Lastly, **Tplyr** also has the capability to automatically determine some widths necessary to format strings. This is done by using the character 'a' instead of 'x' in the format string. 

Consider the following example.

```{r example_6}
tplyr_table(tplyr_adlb, TRTA, where=PARAMCD %in% c("CA", "URATE")) %>% 
  add_layer(
    group_desc(AVAL, by=vars(PARAMCD, AVISIT)) %>% 
      set_format_strings(
        'Mean (SD)' = f_str('a.a (a.a+1)', mean, sd)
      ) %>% 
      set_precision_by(PARAMCD)
  ) %>% 
  build() %>% 
  select(1:5)
```

Note that the decimal precision varies between different lab test results. This feature is beneficial when decimal precision rules must be based on the precision of the data as collected. For more information of auto-precision for descriptive statistics layers, see `vignette("desc_layer_formatting")`. 

For count layers, auto-precision can also be used surrounding the `n` counts. For example, the default format string for counts layers in **Tplyr** is set as `a (xxx.x%)`. This will auto-format the `n` result based on the maximum summarized value of `n` within the data.
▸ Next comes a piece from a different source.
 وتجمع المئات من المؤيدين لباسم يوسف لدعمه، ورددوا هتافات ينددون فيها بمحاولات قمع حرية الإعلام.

For example:

```{r example_7}
tplyr_table(tplyr_adsl, TRT01P) %>% 
  add_layer(
    group_count(RACE) %>% 
      set_format_strings(f_str("a (xxx.x%)", n, pct))
  ) %>% 
  build() %>% 
  select(1:3)
```

Given that the maximum count was >=10 and <100, the integer width for `n` was assigned as 2. Note that auto-precision for percents will not auto-format based on available percentages. The count filled by `a` will be based on the `n` result.
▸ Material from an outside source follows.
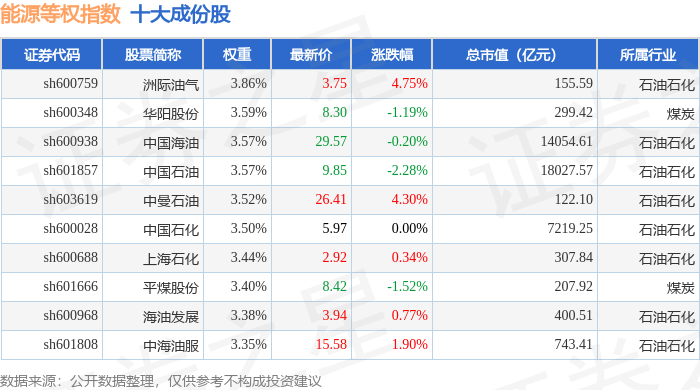 证券之星消息,1月14日,能源等权(000070)指数报收于2737.89点,跌0.03%,成交211.79亿元,换手率0.77%。当日该指数成份股中,上涨的有9家,洲际油气以4.75%的涨幅领涨,下跌的有20家,中国石油以2.28%的跌幅领跌。

For both layer types, a capital `A` follows the same logic as `X`, but is triggered using auto-precision. Take this example of an adverse event table:

```{r example_8} 
tplyr_table(tplyr_adae, TRTA) %>% 
  set_pop_data(tplyr_adsl) %>% 
  set_pop_treat_var(TRT01A) %>% 
  add_layer(
    group_count(AEDECOD) %>% 
      set_format_strings(f_str("a (XX.x%) [A]", distinct_n, distinct_pct, n)) %>% 
      set_distinct_by(USUBJID)
  ) %>% 
  build() %>% 
  select(1:3)
```

To go over each format group:

- The distinct n count has been spaced based on the width of the maximum `n` value
- The percent field will have a maximum width of 2 characters, but the opening parenthesis will hug the integer of the percent value to the right
- The event counts within brackets (`[]`) have been auto formatted based on the maximum `n` value, and the opening bracket will hug the `n` count to the right. 

This vignette has focused on the specifics of formatting using `f_str()` objects. For more details on layer specifics, check out the individual layer vignettes.